**Your task**:
Everything from the line with "Zaciskarka do tulejek" down to the line with "Hobbyweld 15 is" below must be printed exactly, those two lines included. Exclude pictures.

**Material shown**:
#####

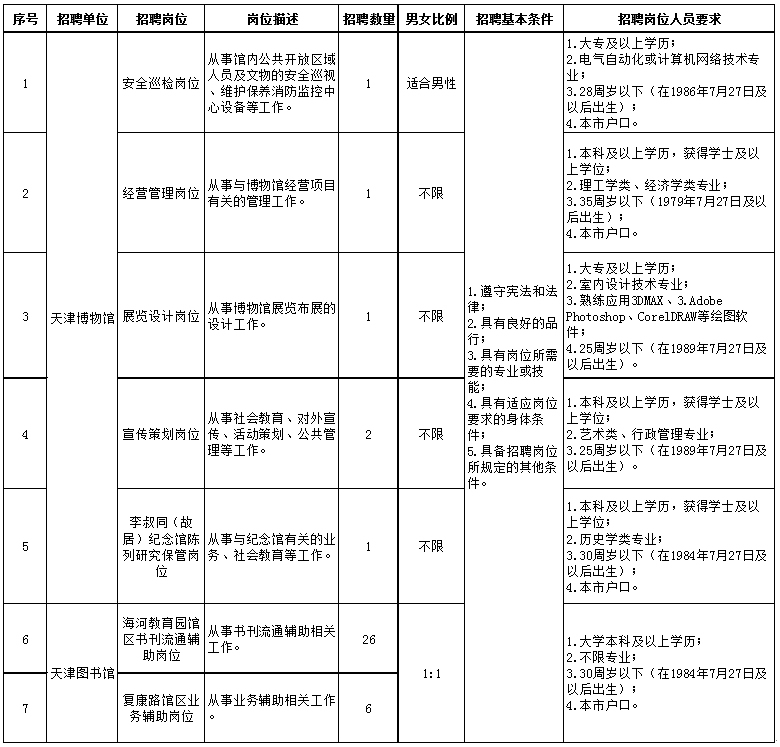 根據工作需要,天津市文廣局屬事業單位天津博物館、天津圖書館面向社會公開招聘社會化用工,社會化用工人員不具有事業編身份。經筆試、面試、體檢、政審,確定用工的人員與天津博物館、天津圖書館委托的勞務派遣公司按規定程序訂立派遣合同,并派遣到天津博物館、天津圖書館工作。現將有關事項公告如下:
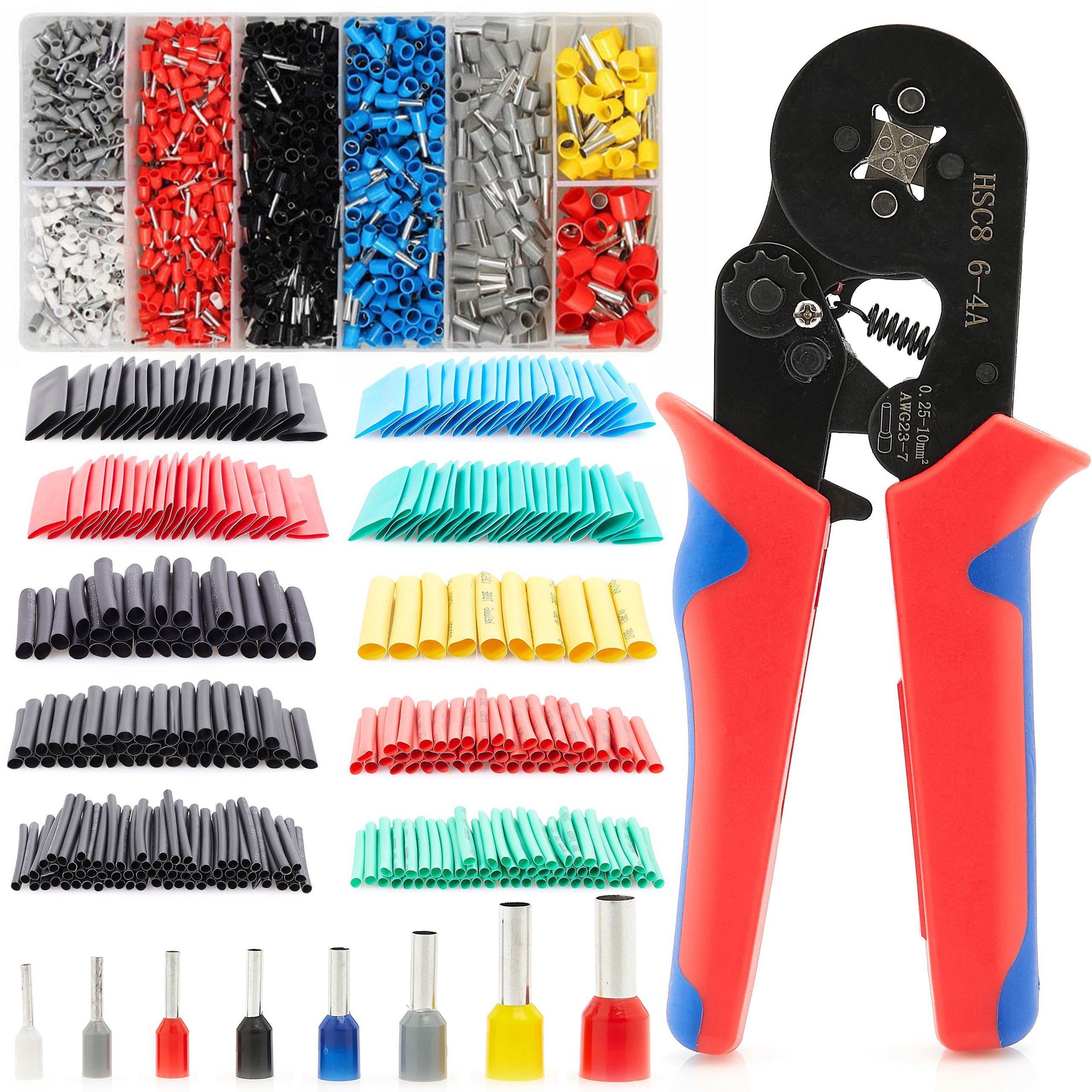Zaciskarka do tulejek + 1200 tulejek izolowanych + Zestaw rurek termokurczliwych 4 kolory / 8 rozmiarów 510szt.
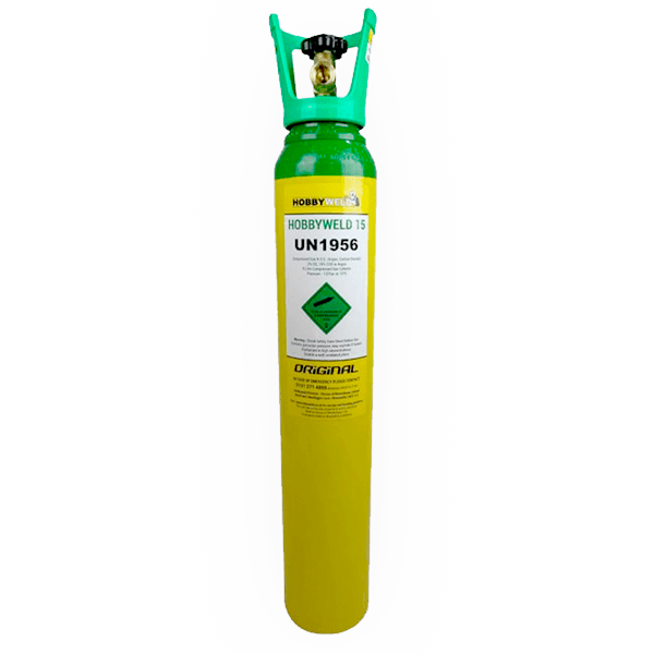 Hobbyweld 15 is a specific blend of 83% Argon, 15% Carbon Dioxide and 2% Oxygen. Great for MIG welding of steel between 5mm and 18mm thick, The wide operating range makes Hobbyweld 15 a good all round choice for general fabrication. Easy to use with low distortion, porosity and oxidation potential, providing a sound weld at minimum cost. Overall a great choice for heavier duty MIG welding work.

#####

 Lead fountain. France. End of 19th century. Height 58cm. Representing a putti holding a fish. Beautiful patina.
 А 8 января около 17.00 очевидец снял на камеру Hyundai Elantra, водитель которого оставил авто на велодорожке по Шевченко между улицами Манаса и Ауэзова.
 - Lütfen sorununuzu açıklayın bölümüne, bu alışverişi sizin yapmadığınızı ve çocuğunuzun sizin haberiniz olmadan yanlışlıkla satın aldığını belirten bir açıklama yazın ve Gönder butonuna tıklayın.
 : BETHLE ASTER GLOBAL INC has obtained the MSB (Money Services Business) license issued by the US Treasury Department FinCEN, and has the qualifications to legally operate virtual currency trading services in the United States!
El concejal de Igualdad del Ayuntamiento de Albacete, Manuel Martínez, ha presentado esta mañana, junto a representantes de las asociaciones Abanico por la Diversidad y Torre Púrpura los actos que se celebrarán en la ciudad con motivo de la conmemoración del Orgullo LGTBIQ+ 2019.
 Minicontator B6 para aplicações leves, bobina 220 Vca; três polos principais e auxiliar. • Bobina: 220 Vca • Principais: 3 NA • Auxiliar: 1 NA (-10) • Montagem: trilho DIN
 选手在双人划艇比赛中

#####

**Solution for this exercise**:
Zaciskarka do tulejek + 1200 tulejek izolowanych + Zestaw rurek termokurczliwych 4 kolory / 8 rozmiarów 510szt.
 Hobbyweld 15 is a specific blend of 83% Argon, 15% Carbon Dioxide and 2% Oxygen. Great for MIG welding of steel between 5mm and 18mm thick, The wide operating range makes Hobbyweld 15 a good all round choice for general fabrication. Easy to use with low distortion, porosity and oxidation potential, providing a sound weld at minimum cost. Overall a great choice for heavier duty MIG welding work.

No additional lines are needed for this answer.